We want to have our CNN work with numbers between 0 and 1. Since pixel values are from 0-255, we divide all numbers by 255 in order to make them between 0 and 1. We then can see how many training and testing samples we have.

x_train = x_train.astype('float32')
x_test = x_test.astype('float32')
x_train /= 255
x_test /= 255
print('x_train shape:', x_train.shape)
print(x_train.shape[0], 'train samples')
print(x_test.shape[0], 'test samples')

Look At Data

In the next few cells, we will look at an example of a digit and see what number it is in the training set.

x_train[0]
pixels = x_train[0].reshape((28, 28))

plt.imshow(pixels, cmap='gray')
print(y_train[0])

Desired Output

We want to convert the desired output from a number n to a vector where the nth element is 1 and the rest are 0.

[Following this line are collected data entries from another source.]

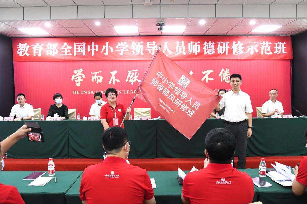 在全体学员的见证下,陈武代表教师工作司为研修班授旗,班长张洁郑重接过班旗。
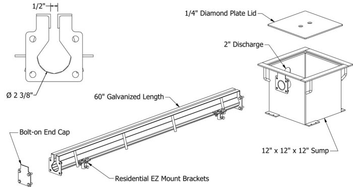 The Residential U-drain system features an ADA compliant 1/2" slot opening that is able to handle anything from snow melt to washing a car indoors. This slot acts as the intake for the drainage to enter the trench and make its way to the sump pit. The standard Residential U-drain sump size is 12"x12"x12" with larger sizes and multiple inlet options available.
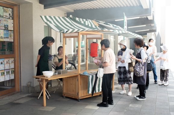 ラボの前のスペースを利用して開催される原市カフェ。
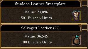 The value of the salvage that results depends on salvaging skill and is affected by salvaging augmentations (workmanship has no effect). At low skill levels the resultant salvage retains only a portion of the original item's value, however at higher skill levels the value returned is greater than the original's and is in effect a bonus. In other words, selling a salvage bag gives more pyreals than if you were to sell the item as is. This is a very effective way of earning pyreals because it allows you to condense items in the field into high value bags to sell later (keep in mind the 400,000p value limit though). This means that you can earn nearly 150% of the face value of items you sell. To further maximize your earnings sell your bags to vendors that buy at or near face value, for example Tunlok Weapons Master for 100% (Town Founder quest required for access) or Janier al-Evv for 95% (no quest required).
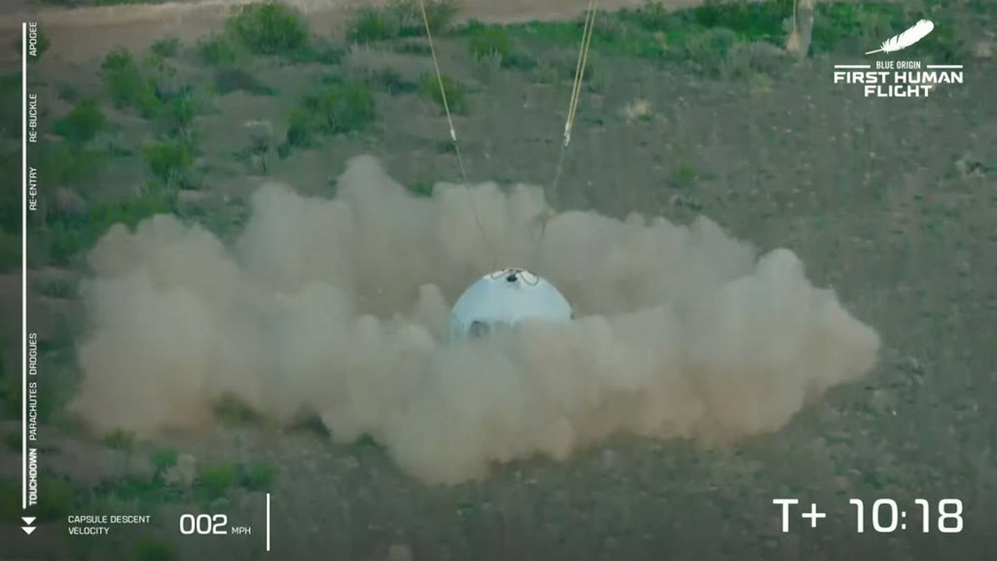 "Best day ever!" Bezos said when the capsule touched down on the desert floor in remote West Texas after the 10-minute flight.
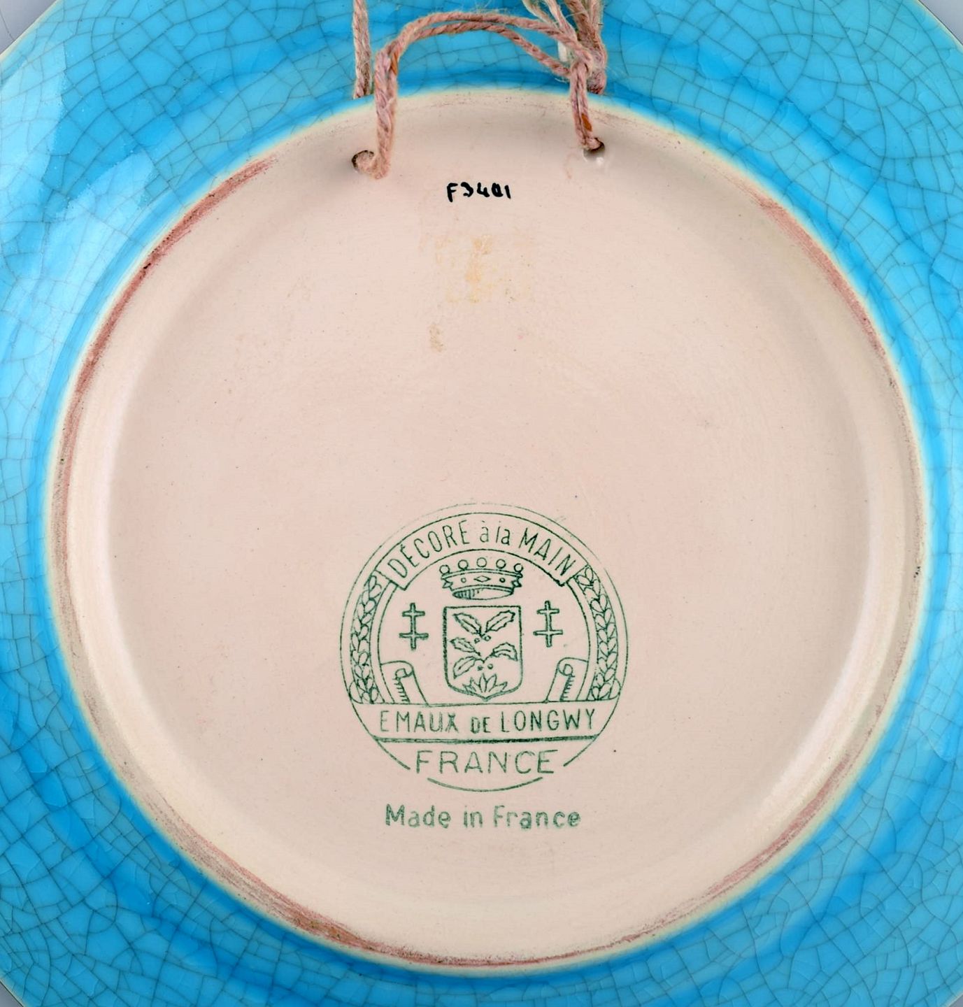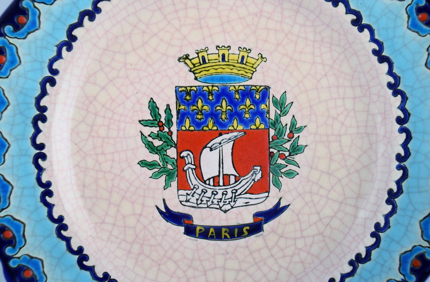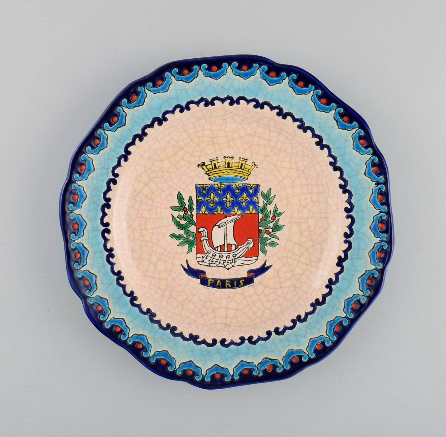 Longwy, Frankrig. Art deco tallerken i glaseret stentøj med håndmalet parisisk våbenskjold og bladværk. 1920/30'erne.
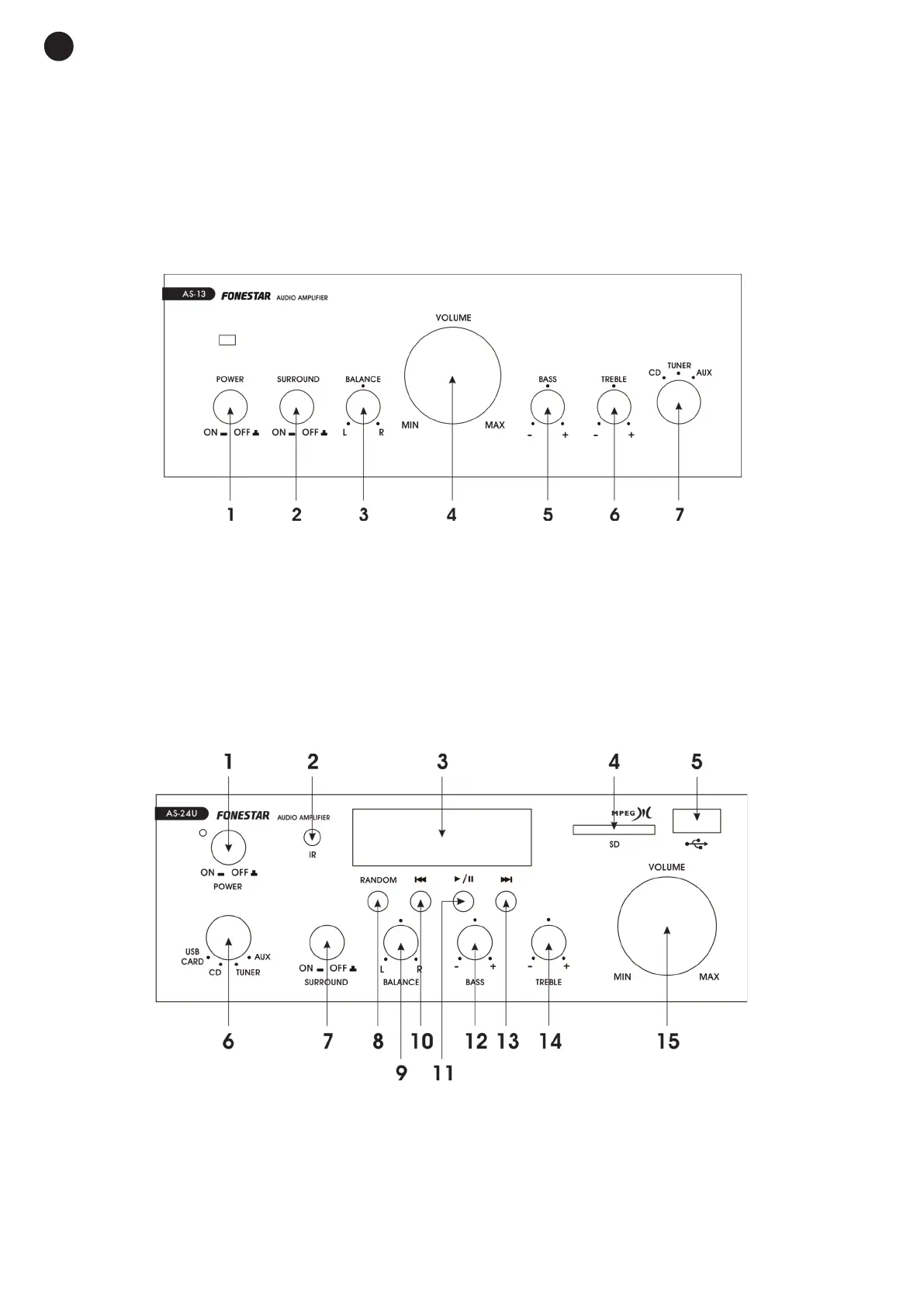 S-24U: compact Hi-Fi stereo amplifier with USB/SD/MP3 player and 3 inputs: CD, tuner and aux.

Example: n = 5 Resulting Vector = {0, 0, 0, 0, 0, 1, 0, 0, 0, 0}

num_classes = 10

y_train = keras.utils.to_categorical(y_train, num_classes)
y_test = keras.utils.to_categorical(y_test, num_classes)

Define Model

Now here is the fun part. Building the model! We will have a 5 layer neural network. Feel free to play around with some of the parameters and see what works better or worse!

model = Sequential()
model.add(Conv2D(32, kernel_size=(3, 3),
                 activation='relu',
                 input_shape=input_shape))
model.add(Conv2D(64, (3, 3), activation='relu'))
model.add(MaxPooling2D(pool_size=(2, 2)))
model.add(Dropout(0.25))  # Prevent overfitting
model.add(Flatten())
model.add(Dense(128, activation='relu'))
model.add(Dropout(0.5))
model.add(Dense(num_classes, activation='softmax'))

model.summary()

Set Parameters

Here, we will set two parameters for the network. The first is batch size, which determines how many training examples we will look at before changing the weights in the model. We will also set the number of epochs, or iterations through the entire training set.

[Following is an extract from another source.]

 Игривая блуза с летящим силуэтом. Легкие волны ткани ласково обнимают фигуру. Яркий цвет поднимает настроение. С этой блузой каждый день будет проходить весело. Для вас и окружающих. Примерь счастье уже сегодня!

batch_size = 128  # How many training examples will we look at before updating the weights in the matrix
epochs = 12 # How many times we will run through the complete training set

Compile and Train Model

Here, we compile the model and then train it. A couple things to note. We are using the Adam optimizer, as compared to others such as stochastic gradient descent. We are measuring the success of the model through the categorical crossentropy loss metric, which determines how to adjust the weights within the model.

model.compile(loss=keras.losses.categorical_crossentropy,
              optimizer=keras.optimizers.Adam(),
              metrics=['accuracy'])

model.fit(x_train, y_train,
          batch_size=batch_size,
          epochs=epochs,
          verbose=1,
          validation_data=(x_test, y_test))

Test Model

Now here is the big finish, lets see how well the model performs! We will do this by running through our test set and having the model produce a prediction. Thankfully, there is already a function built into the model for this.

score = model.evaluate(x_test, y_test, verbose=0)
print('Test loss:', score[0])
print('Test accuracy:', score[1])

Let's see what happens on an individual image level:

to_predict = np.array([x_test[0]])

output = model.predict(to_predict)

pixels = to_predict[0].reshape((28, 28))

plt.imshow(pixels, cmap='gray')
output
np.argmax(output)
And there you have it! Congratulations on successfully creating, training, and testing your own neural network.